=== Section Start ===

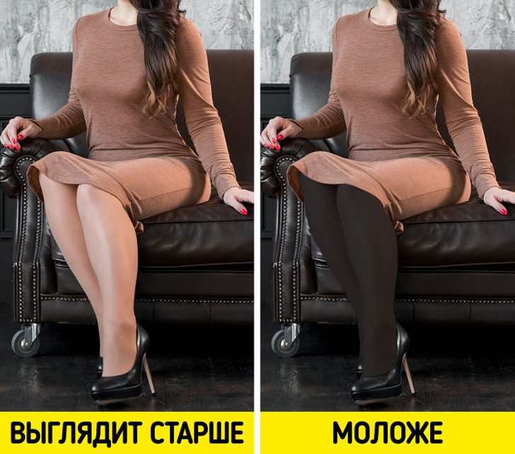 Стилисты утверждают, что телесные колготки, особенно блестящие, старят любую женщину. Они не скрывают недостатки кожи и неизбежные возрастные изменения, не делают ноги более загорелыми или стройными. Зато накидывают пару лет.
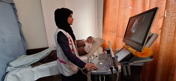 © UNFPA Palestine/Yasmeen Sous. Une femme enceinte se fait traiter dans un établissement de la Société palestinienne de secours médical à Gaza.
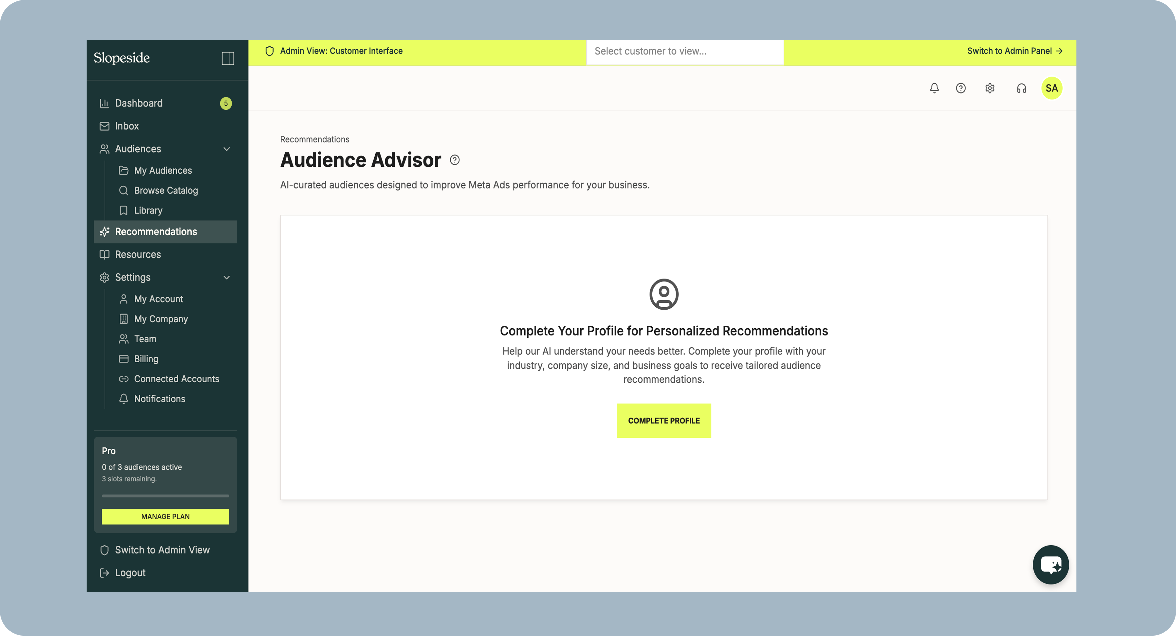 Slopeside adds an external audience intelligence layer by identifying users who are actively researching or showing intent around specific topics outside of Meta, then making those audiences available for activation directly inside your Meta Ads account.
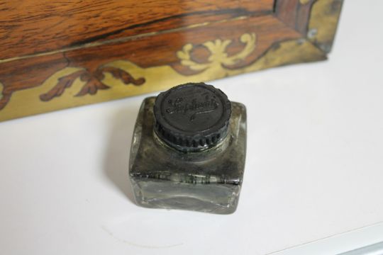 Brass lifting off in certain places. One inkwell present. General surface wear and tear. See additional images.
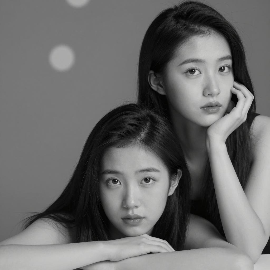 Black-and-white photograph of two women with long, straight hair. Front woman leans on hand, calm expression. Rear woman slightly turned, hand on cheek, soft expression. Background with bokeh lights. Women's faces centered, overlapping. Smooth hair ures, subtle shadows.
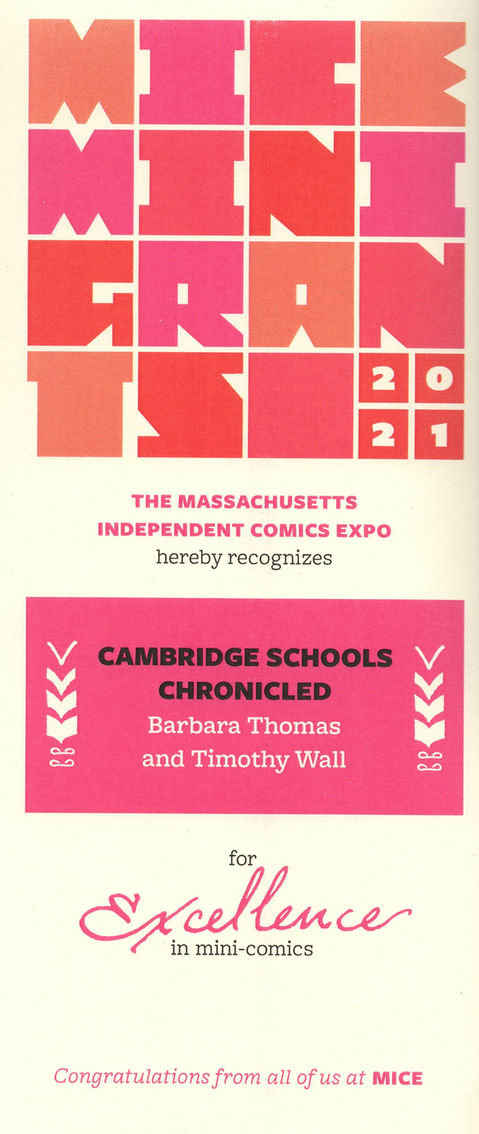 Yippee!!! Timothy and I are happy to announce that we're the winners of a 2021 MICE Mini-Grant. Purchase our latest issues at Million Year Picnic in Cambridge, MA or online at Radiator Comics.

=== Section End ===

Only one stretch of the listing is wanted: the lines starting at the one with "médical à Gaza." and ending at the one with "Black-and-white photograph of", copied exactly and free of pictures.

 © UNFPA Palestine/Yasmeen Sous. Une femme enceinte se fait traiter dans un établissement de la Société palestinienne de secours médical à Gaza.
 Slopeside adds an external audience intelligence layer by identifying users who are actively researching or showing intent around specific topics outside of Meta, then making those audiences available for activation directly inside your Meta Ads account.
 Brass lifting off in certain places. One inkwell present. General surface wear and tear. See additional images.
 Black-and-white photograph of two women with long, straight hair. Front woman leans on hand, calm expression. Rear woman slightly turned, hand on cheek, soft expression. Background with bokeh lights. Women's faces centered, overlapping. Smooth hair ures, subtle shadows.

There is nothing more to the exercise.